3

I am trying to run EMR through Airflow and found example where it says

 step_adder = EmrAddStepsOperator(
        task_id='add_steps',
        job_flow_id="{{ task_instance.xcom_pull(task_ids='create_job_flow', key='return_value') }}",
        aws_conn_id='aws_default',
        steps=SPARK_STEPS,
    )

    step_checker = EmrStepSensor(
        task_id='watch_step',
        job_flow_id="{{ task_instance.xcom_pull('create_job_flow', key='return_value') }}",
        step_id="{{ task_instance.xcom_pull(task_ids='add_steps', key='return_value')[0] }}",
        aws_conn_id='aws_default',
    )

what is job_flow_id ={{ task_instance.xcom_pull('create_job_flow', key='return_value') }}

what does this tell me?

Thanks, Xi

Xi12
  • 939
  • 2
  • 14
  • 27
  • 2
    Please check this. https://airflow.apache.org/docs/apache-airflow-providers-amazon/stable/operators/emr.html.
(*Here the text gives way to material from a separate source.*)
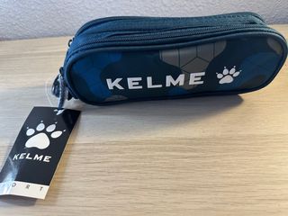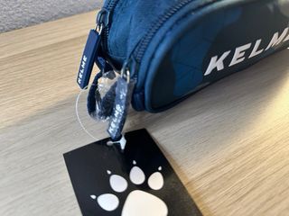 Estuche de la marca Kelme con un diseño moderno. - Estampado de camuflaje con tonos azules y grises. - Cierre de cremallera. - Incluye etiqueta. - Detalle de huella de pata.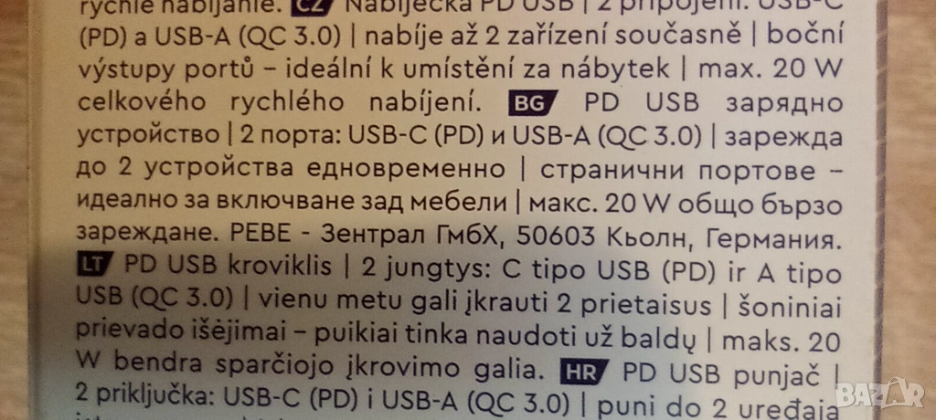 Зарядно за USB- едновременно зареждане на 2 устройства, удобно е да се постави зад мебели

Job flow defines the entire EMR process for your application. This defines how to create EMR,what Job you need to runs, if you want to terminate the cluster etc etc. Also care for IAM role while creating the same. – hopeIsTheonlyWeapon Apr 04 '22 at 02:26
  • 1
    Also see this doc on xcom pulls and pushes https://airflow.apache.org/docs/apache-airflow/stable/concepts/xcoms.html – drs6222 Apr 04 '22 at 02:28

1 Answers1

3

In Airflow tasks can not share data however they can share metadata. This is done by a task writing record to the Xcom table in the database while other task read it.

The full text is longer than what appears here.